We have deleted subsection 2.2.7(1)(b) to provide additional clarification in respect of the matters raised by the comment.
Client Lending and Margin – Rule 3.2.1
An industry association proposed the following (highlighted) addition to Rule 3.2.1 (b)(ii):
(ii) the Approved Person has obtained the written approval of their Member to lend the money, or extend the credit, permit the purchase of securities on margin, or provide the guarantee.
Members and Approved Persons may not permit a client to purchase securities on margin. Members and Approved Persons may only advance mutual fund proceeds in connection with the redemption of mutual fund securities, as set out under revised Rule 3.2.1(c), and subject to the conditions set out under subsections 3.2.1(c)(i)-(v).

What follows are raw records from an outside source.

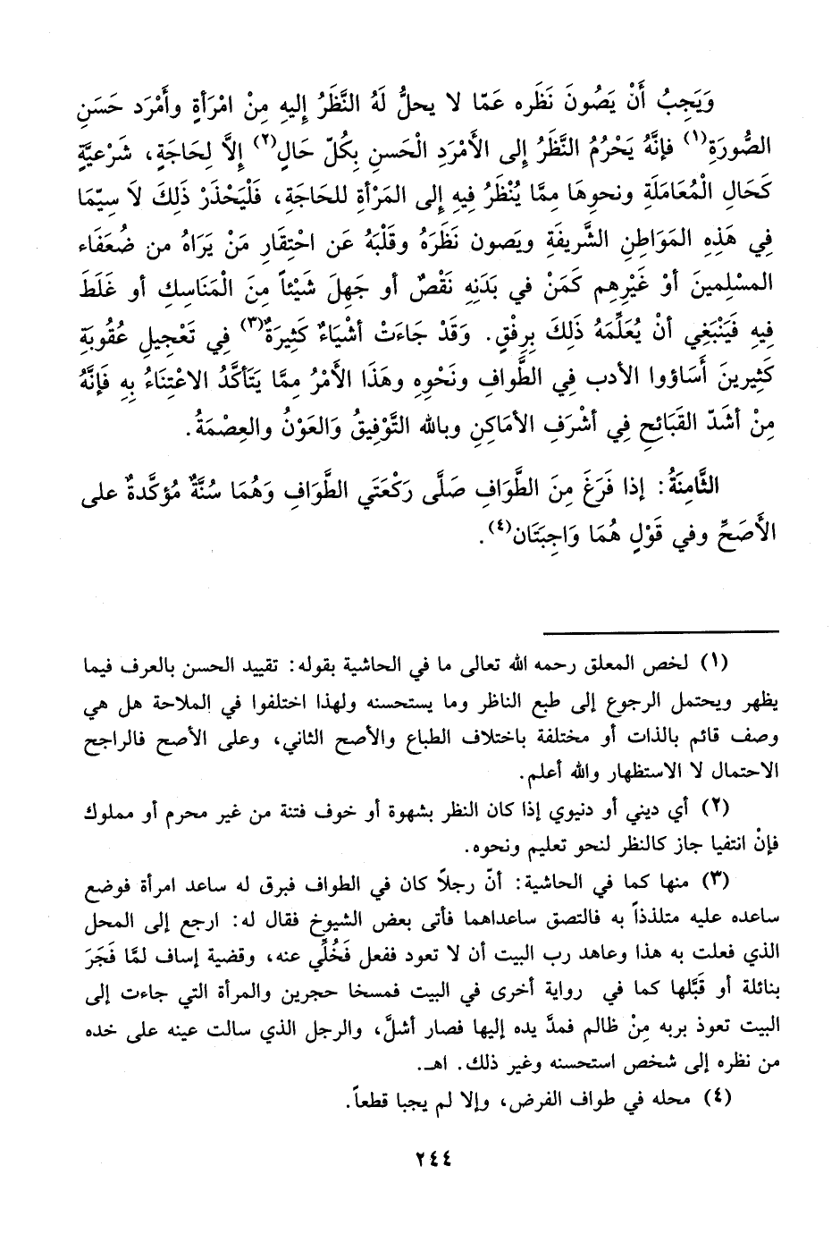 وَيَجبُ أَنْ يَصُونَ نَظَره عَمّا لا يحلُّ لَهُ النَّظَرُ إِليهِ مِنْ امْرَأة وأَمْرَد حَسَنِ الصُّورَةِ (¬1) فإنَّهُ يَحْرُمُ النظَرُ إِلى الأَمْرَدِ الْحَسنِ بكُلّ حَال (¬2) إِلاَّ لِحَاجَة، شَرْعية كَحَالِ الْمُعَامَلَةِ ونحوِهَا مِمَّا يُنْظَرُ فِيهِ إِلى المَرْأةِ للحَاجَةِ، فَلْيَحْذَرْ ذَلِكَ لاَ سِيّمَا فِي هَذه المَوَاطِنِ الشَّريفَةِ ويَصون نَظَرَهُ وقَلْبَهُ عَن احْتِقَارِ مَنْ يَرَاهُ من ضُعَفَاء المسْلِمينَ أوْ غَيْرِهِم كَمَنْ في بَدَنِهِ نَقْصٌ أو جَهِلَ شَيْئاً منَ الْمَنَاسِكِ أو غَلَطَ فِيهِ فَيَنْبَغِي أنْ يُعَلِّمَهُ ذَلِكَ بِرِفْق. وَقَدْ جَاءَتْ أشْيَاءٌ كَثِيرَةٌ (¬3) فِي تَعْجِيلِ عُقُوبةِ كَثِيرينَ أسَاؤوا الأدب فِي الطَّوافِ ونَحْوِهِ وهَذَا الأَمْرُ مِمَّا يَتَأكَّدُ الاعْتِنَاءُ بِهِ فَإنَّهُ مِنْ أشَد القَبَائح فِي أشْرَفِ الأمَاكِنِ وبالله التَّوْفِيقُ وَالعَوْنُ والعِصْمَةُ.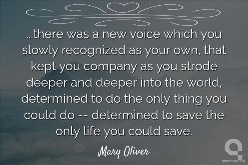 ...there was a new voice which you slowly recognized as your own, that kept you company as you strode deeper and deeper into the world, determined to do the only thing you could do -- determined to save the only life you could save.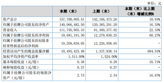 凯德石英(835179)??9日发?2018年度)业绩报告,公司营业总收?11,756,965.33元,比去年同?91,360,377.02)增长22.33%,归属于挂牌公司股东的净利润19,681,191.30元,比去年同?2,279,830.25元增?0.27%,基本每股收??每股)?.38元,比去年同?0.28)元增?5.71%、/p>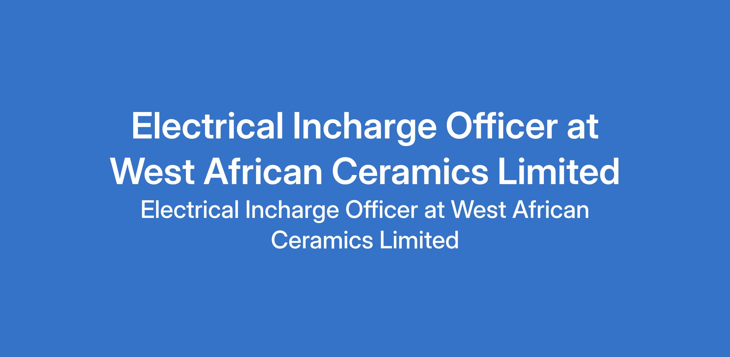 West African Ceramics Limited is recruiting to fill the position of: Electrical Incharge Officer. The position is located in Ajaokuta, Kogi State. Interested candidates should possess a Diploma / Degree in Electrical Engineering or related field with 5+ years of experiencein electrical maintenance and operations, preferably in manufacturing/industrial plants.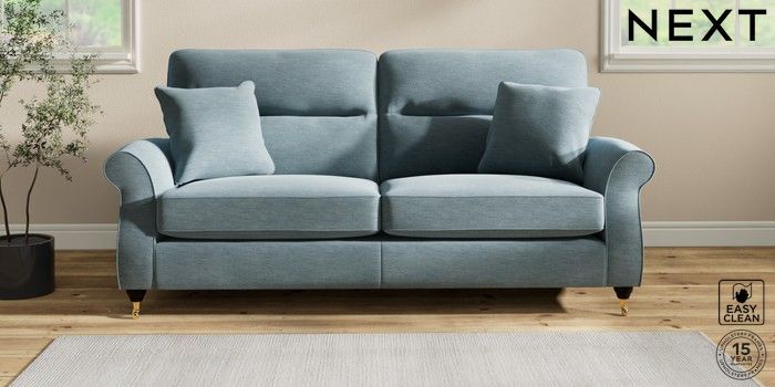 7.2.10 Ashford Highback 3 Seater Sofa Fine Chenille Easy Clean Mid Blue Castor - Dark | Made Click here to use our website with more accessibility support, for example screen readers

The CFR amendments, as we understand, are not intended to change MFDA Member business models. If we were to permit the purchase of securities by a client on margin, this would give rise to significant changes to KYC requirements (i.e. for the purpose of assessing client creditworthiness), capital and segregation requirements, and would also potentially result in changes to existing MFDA requirements in respect of maintaining client cash in trust, and the use of free credits.
An Approved Person would be permitted to provide a guarantee to a client where the conditions of Rule 3.2.1(b)(i) and (ii) are met. We have made minor additional conforming changes to Rule 3.2.1(b)(ii) to clarify this matter.
Policy No. 2 – Branch Supervision Requirements
Policy No. 2. Part IV, sets out requirements in respect of Branch Office Supervision. An industry association expressed the view that the role of the Branch Manager is to review the suitability determination made by an Approved Person, not to make an independent suitability determination. As a result, this commenter suggested certain drafting changes to Parts III, IV, and V of Policy No. 2, as a result of which the words “make a suitability determination”, would be changed to “review/assess a suitability determination”.
The Branch Manager will not be expected to make a new suitability determination, but rather to assess the suitability determination required to be made by the Approved Person. To clarify this matter, we have made the Policy No. 2 changes suggested by the commenter.